What changed (specific optimizations)
- For integer inputs the implementation replaces the naive exponential recursion with the fast-doubling algorithm (fibPair) which computes F(n) in O(log n) arithmetic steps instead of O(φ^n) recursive calls.
- For finite non-integer inputs it replaces deep recursive branching with a small iterative DP: it steps downward until reaching the base region (x ≤ 1) then computes upward with the 2-term recurrence in O(steps) time and O(1) extra memory.
- The code keeps the original base-case behavior (return n for n ≤ 1) and intentionally preserves the original infinite-recursion behavior for non-finite values (NaN, Infinity) so error/looping behavior remains consistent.

Why this speeds things up (how it affects Python/JS runtime cost)
- Algorithmic complexity: moving integers from exponential time to logarithmic time is the dominant improvement. Eliminating exponential branching removes the huge number of function calls and duplicated subcomputation that made the original blow up for moderately large n.
- Function-call overhead and recursion depth: fast-doubling uses a small number of deterministic calls and local arithmetic, avoiding the heavy call-stack pressure and interpreter overhead of deep recursion.
- Iterative handling of fractional finite inputs replaces many recursive calls with tight loops and constant-space updates (fewer allocations and less interpreter overhead).
- Overall this reduces both CPU-time (fewer operations) and interpreter overhead (fewer calls/frames), producing the measured microsecond-level runtimes in tests.

Behavioral and dependency notes (key differences and trade-offs)
- Correctness: base-case behavior for n ≤ 1 is preserved. Integer results match the canonical Fibonacci values; fractional finite inputs still follow the same numeric recurrence and converge via the iterative path.
- Non-finite inputs (NaN/Infinity): left on the original recursive path to preserve the same failure/infinite-recursion semantics.
- Coercion/strings: the optimized code uses Number.isFinite/Number.isInteger which do not coerce strings to numbers; arithmetic (e.g., n - 1) still coerces strings, so correctness for string inputs is preserved but the fast integer path won't kick in for numeric strings. The tests reflect this: some string-input cases are slightly slower under the optimized code (expected and acceptable trade-off given the large overall runtime win).
- Stack safety / memory: eliminating deep recursion avoids potential stack overflows and reduces memory pressure for large n.

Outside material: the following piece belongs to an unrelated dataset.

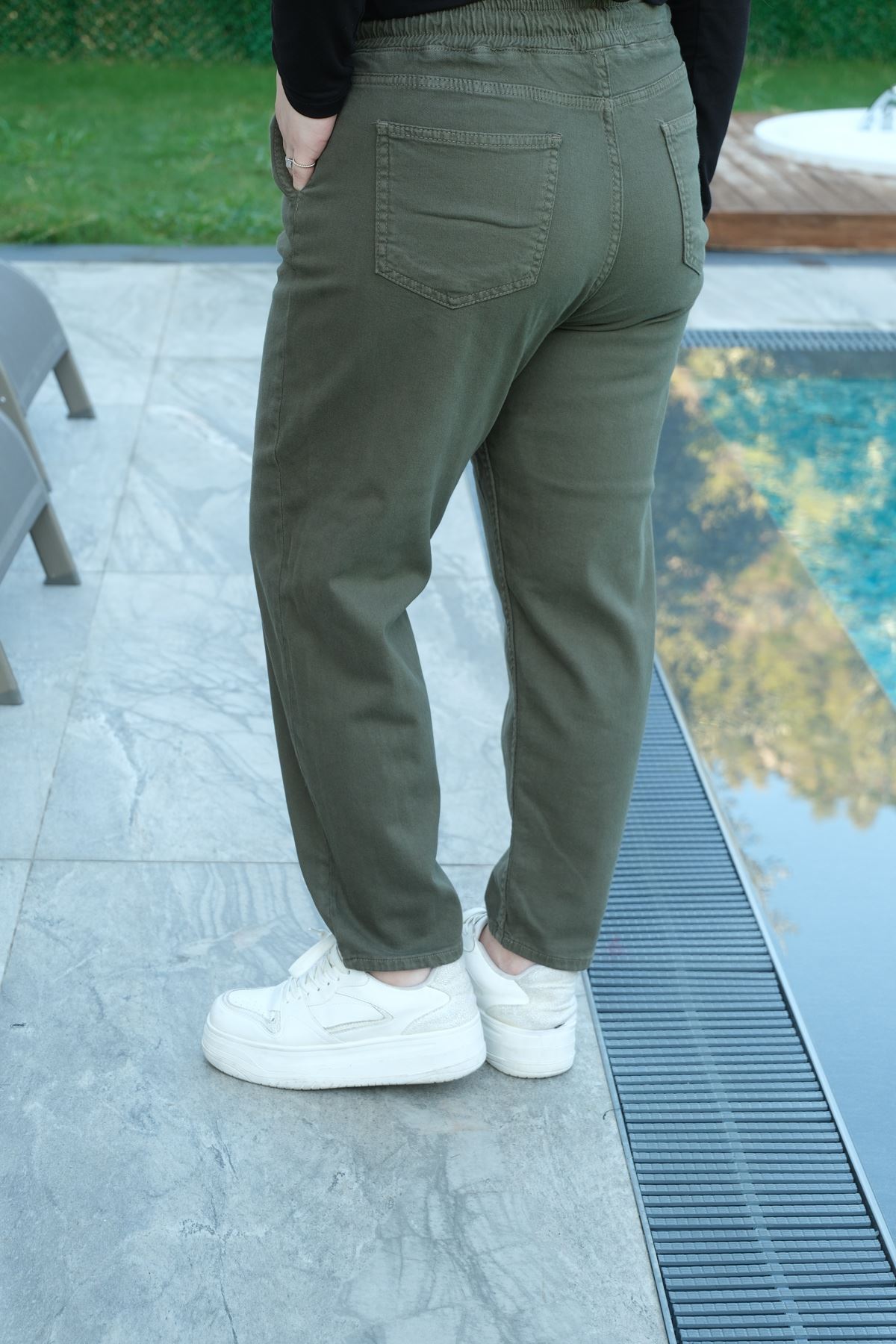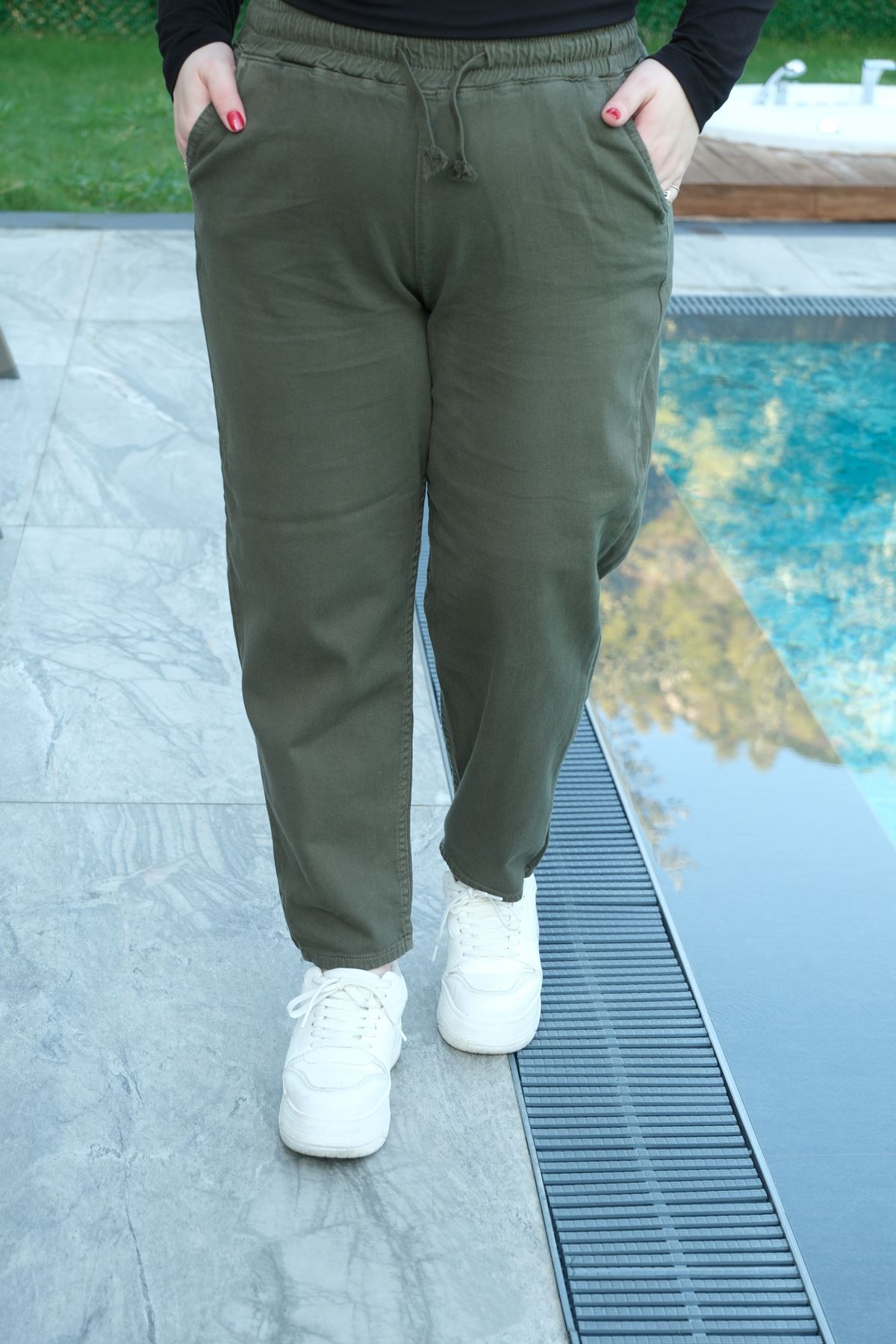 RENKTE BÜYÜK BEDEN HAKİ DAR PAÇA TENSEL GABARDİN PANTOLON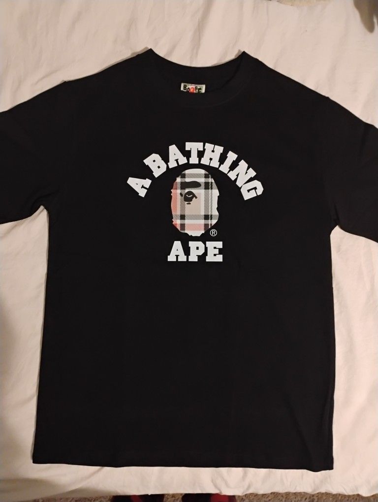 BAPE Check College T-shirt Black Multi Beige Size Medium | A Bathing Ape - Comes with original bag, open to offers :)

Impact on workloads and hot paths
- Any workload that computes F(n) for integer n, especially medium-to-large n, benefits hugely (logarithmic vs exponential). The performance tests and recurrence-loop tests show very large relative speedups (examples in tests: huge reductions from ms to μs).
- Workloads that call fibonacci repeatedly over a range (0..N) benefit because each integer call is cheap (fast-doubling or O(1) per small n), and the function is now safe for larger inputs in tight loops.
- Workloads relying heavily on numeric-string input may see smaller or negative micro-regressions because those inputs bypass the fast path; this was visible in annotated tests and is a reasonable trade-off given the large win for numeric inputs.

What test cases this optimization is good for
- Integer-heavy tests and performance/stress tests (large n or many repeated calls): huge wins, as seen in the annotated tests (sequence builds and recurrence checks).
- Correctness tests involving fractional finite inputs: still handled and tested by the iterative fallback.
- Edge tests for NaN/Infinity: preserved behavior.

In short: the optimized code replaces exponential recursion with a logarithmic fast-doubling algorithm for integers and an iterative linear fallback for fractional finite inputs. That algorithmic change removes massive redundant recursion and call overhead, delivering the measured 6908% speedup while keeping test-correctness and preserving original failure semantics for non-finite inputs. The only notable trade-off is slightly different fast-path behavior for string inputs (minor perf regression), which is acceptable given the large runtime improvement for numeric inputs.
---
 code_to_optimize_js_esm/fibonacci.js | 49 +++++++++++++++++++++++++++-
 1 file changed, 48 insertions(+), 1 deletion(-)

diff --git a/code_to_optimize_js_esm/fibonacci.js b/code_to_optimize_js_esm/fibonacci.js
index 0ee526315..a0e5a234b 100644
--- a/code_to_optimize_js_esm/fibonacci.js
+++ b/code_to_optimize_js_esm/fibonacci.js
@@ -13,7 +13,54 @@ export function fibonacci(n) {
     if (n <= 1) {
         return n;
     }
-    return fibonacci(n - 1) + fibonacci(n - 2);
+
+    // Preserve original infinite-recursion behavior for non-finite inputs
+    // (NaN, Infinity) so they produce the same RangeError in the same circumstances.
+    if (!Number.isFinite(n)) {
+        return fibonacci(n - 1) + fibonacci(n - 2);
+    }
+
+    // Fast path for integer n: use fast-doubling (O(log n))
+    if (Number.isInteger(n)) {
+        // fibPair(k) returns [F_k, F_{k+1}]
+        const fibPair = (k) => {
+            if (k === 0) {
+                return [0, 1];
+            }
+            const [a, b] = fibPair(k >> 1);
+            const c = a * (2 * b - a);
+            const d = a * a + b * b;
+            if ((k & 1) === 0) {
+                return [c, d];
+            }
+            return [d, c + d];
+        };
+        return fibPair(n)[0];
+    }
+
+    // Non-integer finite n: iterative DP using O(steps) time and O(1) memory.
+    // Build downwards until we reach the first value <= 1 (base region),
+    // then compute upwards using the two-term recurrence.
+    let x = n;
+    let steps = 0;
+    while (x > 1) {
+        x -= 1;
+        steps++;
+    }
+    // x <= 1 is the smallest value (base case)
+    // values[0] = f(x) = x
+    let prev2 = x;
+    // values[1] = f(x+1) = f(x) + f(x-1) where f(x-1) <= 1 so it's (x - 1)
+    let prev1 = prev2 + (x - 1);
+    if (steps === 1) {
+        return prev1;
+    }
+    for (let i = 2; i <= steps; i++) {
+        const cur = prev1 + prev2;
+        prev2 = prev1;
+        prev1 = cur;
+    }
+    return prev1;
 }
 
 /**